____ The data

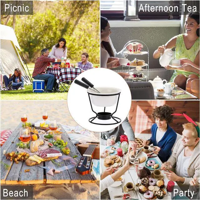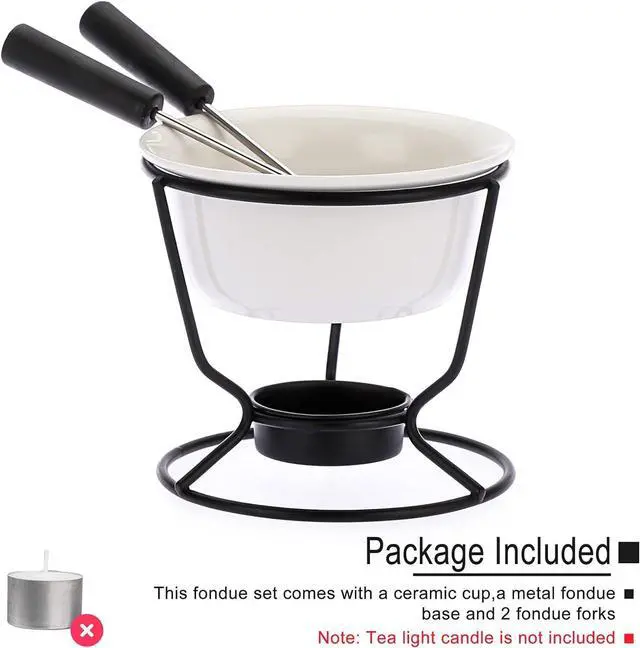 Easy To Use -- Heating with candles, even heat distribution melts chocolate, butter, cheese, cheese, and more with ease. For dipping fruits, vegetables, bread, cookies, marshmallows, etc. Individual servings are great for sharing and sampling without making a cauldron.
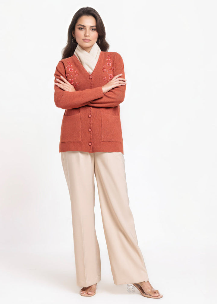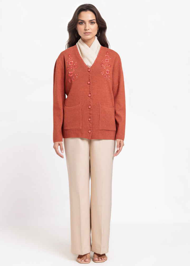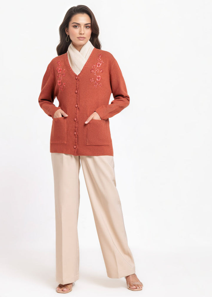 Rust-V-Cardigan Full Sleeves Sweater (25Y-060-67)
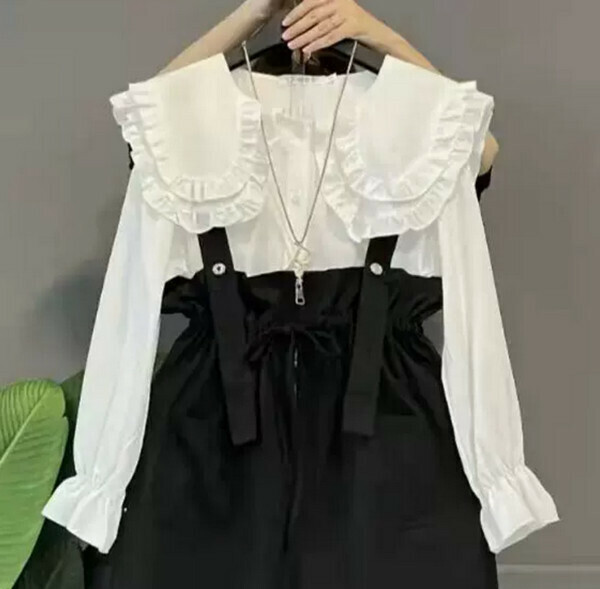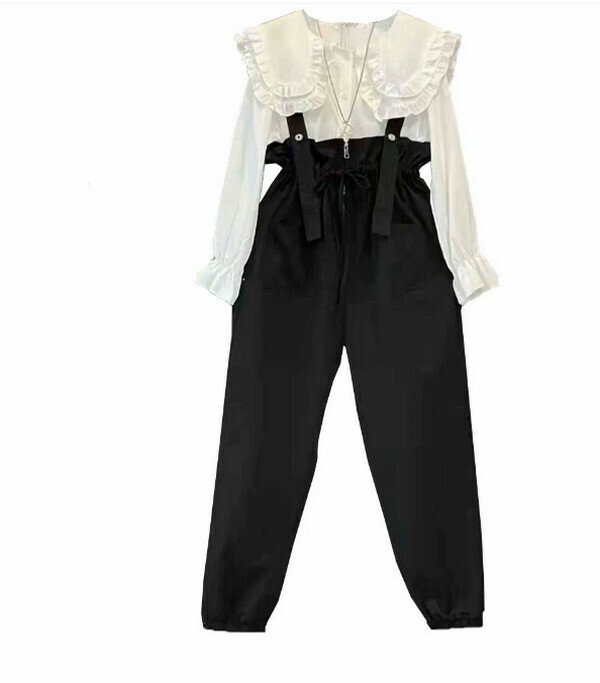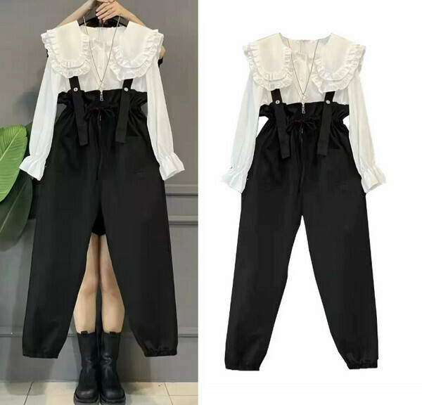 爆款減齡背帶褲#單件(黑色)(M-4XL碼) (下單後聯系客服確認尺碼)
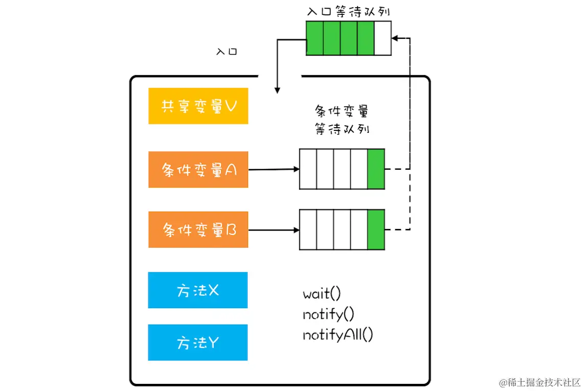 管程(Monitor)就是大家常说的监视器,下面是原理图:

________

◆ Exercise
Every line above is to be written out unchanged, with the pictures omitted.

◆ Finished task
 Easy To Use -- Heating with candles, even heat distribution melts chocolate, butter, cheese, cheese, and more with ease. For dipping fruits, vegetables, bread, cookies, marshmallows, etc. Individual servings are great for sharing and sampling without making a cauldron.
 Rust-V-Cardigan Full Sleeves Sweater (25Y-060-67)
 爆款減齡背帶褲#單件(黑色)(M-4XL碼) (下單後聯系客服確認尺碼)
 管程(Monitor)就是大家常说的监视器,下面是原理图:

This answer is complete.